I have a set of UK postcodes which need to be reformatted. They are made up of an incode and an outcode, where incode is of the form 'number letter letter' e.g. 2DB and the outcode is a combination of between 2 and 4 letters and numbers e.g. NW1 or SW10 or EC1A
Currently there is one space between the incode and outcode, but I need to reformat these so that the full postcode is 7 characters long e.g: ('-' stands for space)
Data:
df <- data.frame("postcode"=c("NW1 2DB","SW10 9NH","E1 6QL"))
df
# postcode
# 1 NW1 2DB
# 2 SW10 9NH
# 3 E1 6QL
I have written a regex string to separate the outcode and incode, but couldn't find a way to add a variable number of spaces between them (this example just creates two spaces between outcode and incode).
require(dplyr)
df <- df %>% mutate(postcode_2sp = gsub('?(\\S+)\\s*?(\\d\\w{2})$','\\1 \\2', postcode)

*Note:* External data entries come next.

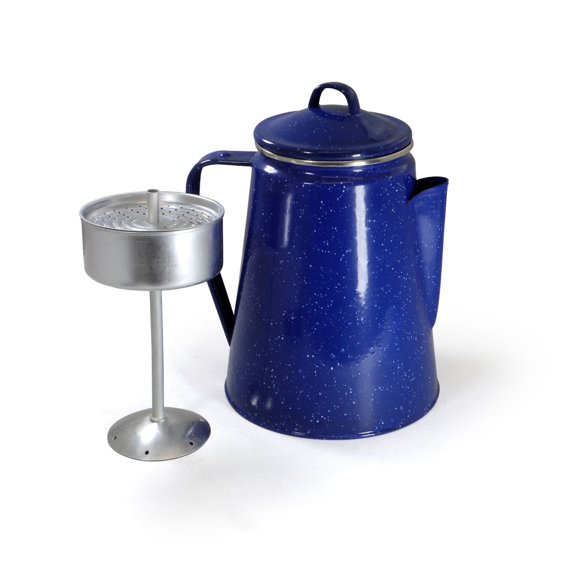 Bouilloire émaillée de deux litres, comprenant un percolateur amovible et un couvercle. Le percolateur sert à filtrer le café (détails ci-dessous). La bouilloire est équipée d'une poignée. Capacité : 1,8 litre.
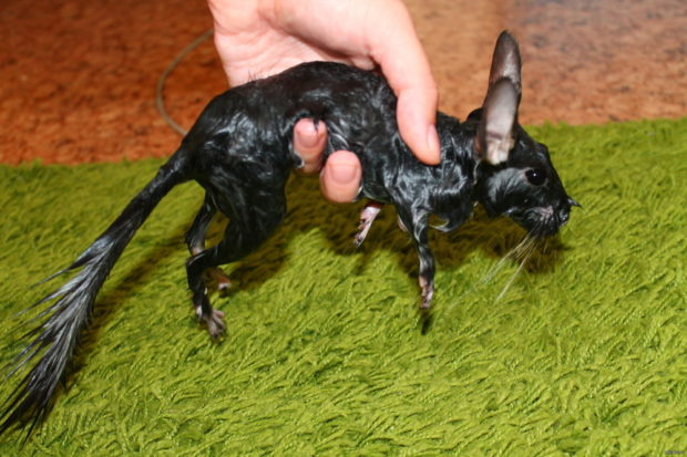 Рождение. Новорожденные шиншиллята появляются на свет зрячими, с уже прорезавшимися зубами и небольшим количеством меха. В этот период, который длится до двух недель, они питаются материнским молоком.
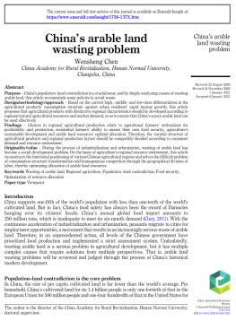 由8040威尼斯中国乡村振兴研究院院长陈文胜教授独著的论文《China’s arable land wasting problem》发表于SSCI与SCI双检索期刊《China Agricultural Economic Review》。
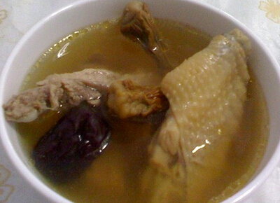 5、加入猪骨头,加入鸡块,大火烧开,然后撇去浮沫;
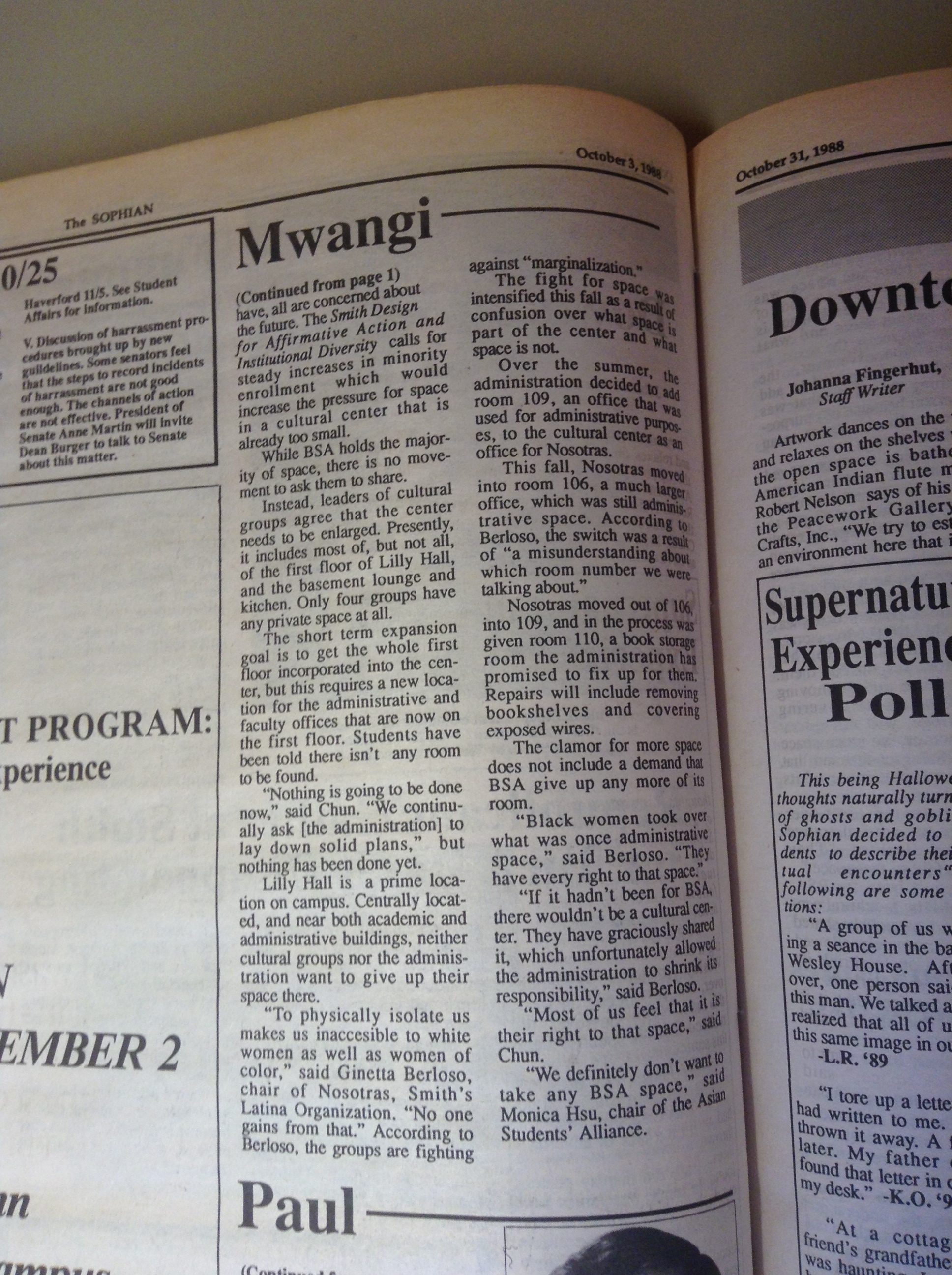 (De)segregation 1957 1958 1961 1963 1965 1966 1967 1968 1969 1970 1972 1986 1988 1989 1990 1994 1995 1996 2002 2012 2014 Abroad Affirmative Action Apartheid in South Africa Asian Students’ Association (ASA) Black Students Black Students' Alliance (BSA) Civil Rights Committee on Community Policy (CCP) Concerned Students of All Colors (CSAC) Hate Incident Institutional Action Institutional Discourse International Students International Students’ Organization (ISO) Korean American Students of Smith (KASS) Nosotras [LASO] Smith African Students’ Association (SASA) South Asian Students' Association of Smith (EKTA) Student Demands Student Protests Student Voices Vietnam War Weaving Voices
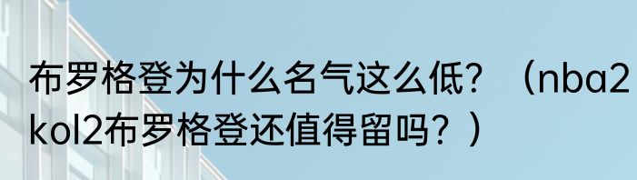 提及布罗格登为什么名气这么低?(nba2kol2布罗格登还值得留吗?)的相关内容,许多人不太了解,来看看小龙的介绍吧!

To get around that I've tried to use mutate()
,nchar()
and rep()
:
df<-df %>%
mutate(outcode=gsub('?(\\S+)\\s*\\d\\w{2}$','\\1',postcode),
incode=gsub('\\S+\\s*?(\\d\\w{2})$','\\1',postcode)) %>%
mutate(out_length=nchar(outcode))%>%
mutate(postcode7=paste0(outcode,
paste0(rep(" ",4-out_length),collapse=""),
incode))
but get this error:
Error: invalid 'times' argument
without the last step to create postcode7 the df looks as follows:
df
# postcode outcode incode out_length
# 1 NW1 2DB NW1 2DB 3
# 2 SW10 9NH SW10 9NH 4
# 3 E1 6QL E1 6QL 2
And if I set the rep 'times' argument to a constant the code runs as expected (but doesn't do what I need it to do!)
df<-df %>%
mutate(outcode=gsub('?(\\S+)\\s*\\d\\w{2}$','\\1',postcode),
incode=gsub('\\S+\\s*?(\\d\\w{2})$','\\1',postcode)) %>%
mutate(out_length=nchar(outcode))%>%
mutate(postcode7=paste0(outcode,
paste0(rep(" ",4),collapse=""),
incode))
df
# postcode outcode incode out_length postcode7
# 1 NW1 2DB NW1 2DB 3 NW1 2DB
# 2 SW10 9NH SW10 9NH 4 SW10 9NH
# 3 E1 6QL E1 6QL 2 E1 6QL
Is there a way to make rep()
accept a column as the times argument in a mutate? Or should I be looking at a totally different approach?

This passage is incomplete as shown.